In discussing background ozone, it is important to be clear about what is meant by the term. In particular, distinction must be made between the concentration of ozone entering a region of concern as a result of emissions occurring outside the area, and the concentration at any point within the region of concern resulting from the combined effect of natural sources anywhere and anthropogenic sources outside the region.

There is a clear need to refine estimates of background ozone, in particular, resolving the discrepancies typified by the opposing views expressed in the work of Lefohn et al. (2001), Cooper et al. (2005), and Fiore et al. (2003). This includes the need for clarity on the role of the stratosphere as a source for troposphere ozone. The difference is important because the background concentration is not controllable within a jurisdiction. Thus, a low background concentration suggests that a large proportion of the total ozone concentration can be controlled, given the introduction of appropriate measures. For example, if the background is 25 ppb, local, anthropogenically produced ozone must be reduced to 40 ppb to achieve a standard of 65 ppb. However, if the background concentration is high, say 55 ppb, the local anthropogenic component will have to be reduced to 10 ppb, which is much more difficult.

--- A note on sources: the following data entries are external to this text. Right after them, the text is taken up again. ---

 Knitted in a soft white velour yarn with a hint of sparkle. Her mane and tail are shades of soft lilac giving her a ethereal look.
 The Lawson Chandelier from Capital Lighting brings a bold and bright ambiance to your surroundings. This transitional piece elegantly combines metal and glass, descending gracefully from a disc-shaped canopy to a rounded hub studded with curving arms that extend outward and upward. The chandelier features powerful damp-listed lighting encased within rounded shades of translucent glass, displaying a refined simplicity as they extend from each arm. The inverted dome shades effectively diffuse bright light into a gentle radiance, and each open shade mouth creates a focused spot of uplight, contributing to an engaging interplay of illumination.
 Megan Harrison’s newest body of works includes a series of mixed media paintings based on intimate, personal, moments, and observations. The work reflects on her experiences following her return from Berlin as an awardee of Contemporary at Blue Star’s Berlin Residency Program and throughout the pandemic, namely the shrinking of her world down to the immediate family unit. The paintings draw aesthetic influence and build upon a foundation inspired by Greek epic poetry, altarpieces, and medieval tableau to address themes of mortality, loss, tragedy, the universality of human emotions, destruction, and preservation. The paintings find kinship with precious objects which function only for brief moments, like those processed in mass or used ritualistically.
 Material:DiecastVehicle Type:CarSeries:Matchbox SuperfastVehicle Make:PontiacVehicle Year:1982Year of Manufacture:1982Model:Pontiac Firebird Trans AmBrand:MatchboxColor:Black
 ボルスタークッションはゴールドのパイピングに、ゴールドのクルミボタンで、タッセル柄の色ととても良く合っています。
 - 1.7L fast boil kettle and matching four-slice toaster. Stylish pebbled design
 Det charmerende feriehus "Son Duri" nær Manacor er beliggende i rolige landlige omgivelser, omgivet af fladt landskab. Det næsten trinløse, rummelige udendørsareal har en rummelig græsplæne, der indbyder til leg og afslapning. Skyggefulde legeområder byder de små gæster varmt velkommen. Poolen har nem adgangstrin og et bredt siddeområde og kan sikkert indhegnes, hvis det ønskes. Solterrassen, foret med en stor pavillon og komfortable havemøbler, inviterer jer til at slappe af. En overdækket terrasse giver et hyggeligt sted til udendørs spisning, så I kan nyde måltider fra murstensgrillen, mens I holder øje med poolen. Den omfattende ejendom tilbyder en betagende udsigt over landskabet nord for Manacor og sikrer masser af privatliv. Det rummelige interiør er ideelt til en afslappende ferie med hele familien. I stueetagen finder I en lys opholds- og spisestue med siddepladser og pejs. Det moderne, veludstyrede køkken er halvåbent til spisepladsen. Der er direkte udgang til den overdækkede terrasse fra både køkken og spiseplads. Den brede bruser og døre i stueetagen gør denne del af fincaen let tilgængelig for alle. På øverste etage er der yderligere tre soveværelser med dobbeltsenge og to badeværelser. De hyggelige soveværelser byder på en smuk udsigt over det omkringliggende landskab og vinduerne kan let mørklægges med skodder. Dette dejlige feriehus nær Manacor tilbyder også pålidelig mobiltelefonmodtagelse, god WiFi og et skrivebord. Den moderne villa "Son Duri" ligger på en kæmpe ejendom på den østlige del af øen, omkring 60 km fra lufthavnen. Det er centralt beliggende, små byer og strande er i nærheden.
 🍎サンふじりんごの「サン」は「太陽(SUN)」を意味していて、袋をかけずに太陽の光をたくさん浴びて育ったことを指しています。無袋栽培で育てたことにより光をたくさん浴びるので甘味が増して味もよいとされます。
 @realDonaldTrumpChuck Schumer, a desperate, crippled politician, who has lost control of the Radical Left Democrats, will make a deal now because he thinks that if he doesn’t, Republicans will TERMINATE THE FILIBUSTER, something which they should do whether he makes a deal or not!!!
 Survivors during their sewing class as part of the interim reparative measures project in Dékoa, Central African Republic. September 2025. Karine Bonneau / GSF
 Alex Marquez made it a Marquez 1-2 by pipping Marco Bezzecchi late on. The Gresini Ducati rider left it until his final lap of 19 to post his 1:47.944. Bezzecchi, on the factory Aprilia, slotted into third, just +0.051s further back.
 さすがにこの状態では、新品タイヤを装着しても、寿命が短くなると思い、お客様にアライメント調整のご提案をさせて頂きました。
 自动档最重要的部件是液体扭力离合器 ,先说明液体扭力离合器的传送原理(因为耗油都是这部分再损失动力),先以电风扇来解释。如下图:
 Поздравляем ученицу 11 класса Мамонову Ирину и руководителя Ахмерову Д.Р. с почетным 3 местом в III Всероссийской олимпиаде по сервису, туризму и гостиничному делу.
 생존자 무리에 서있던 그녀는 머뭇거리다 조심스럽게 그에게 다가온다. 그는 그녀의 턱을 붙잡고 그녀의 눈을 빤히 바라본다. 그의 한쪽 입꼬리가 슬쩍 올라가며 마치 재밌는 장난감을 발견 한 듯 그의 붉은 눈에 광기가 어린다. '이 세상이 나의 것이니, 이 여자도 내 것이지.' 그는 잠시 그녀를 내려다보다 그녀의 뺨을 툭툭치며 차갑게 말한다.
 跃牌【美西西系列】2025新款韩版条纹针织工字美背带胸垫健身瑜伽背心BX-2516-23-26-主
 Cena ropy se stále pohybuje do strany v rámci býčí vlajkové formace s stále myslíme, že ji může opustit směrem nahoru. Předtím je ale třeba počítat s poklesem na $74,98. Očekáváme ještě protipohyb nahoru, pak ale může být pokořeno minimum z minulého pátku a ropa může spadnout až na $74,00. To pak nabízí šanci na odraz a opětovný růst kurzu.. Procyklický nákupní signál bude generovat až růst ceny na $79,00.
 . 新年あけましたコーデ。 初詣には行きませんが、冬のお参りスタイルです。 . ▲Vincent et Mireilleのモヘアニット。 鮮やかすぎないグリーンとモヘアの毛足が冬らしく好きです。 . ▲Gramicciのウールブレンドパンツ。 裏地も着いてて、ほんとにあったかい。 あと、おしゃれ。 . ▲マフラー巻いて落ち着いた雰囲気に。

Ozone lifted to levels above the boundary layer can be transported very long (intercontinental) distances. As a result, Asia, North America, and Europe can all contribute to each other’s background ozone concentrations. This means that, although agreement with one’s immediate neighbors on emission reductions is very important in addressing the ozone problem, international agreements at much longer range must also be considered. In particular, the rapid industrial growth in Asia and the accompanying increased precursor emissions, will need to be monitored and addressed.

The temporal patterns of background ozone need improved definition, on scales from diurnal upwards. In addition, an assessment is required of the relevance of temporal variability in background ozone in the calculation of health and other costs associated with ozone, specifically in relation to the separation of controllable and noncontrollable impacts.

Related to the assessment of costs of ozone damage, there is a continuing urgent need for improved data on health and other costs. Current estimates are in some areas based on very limited data.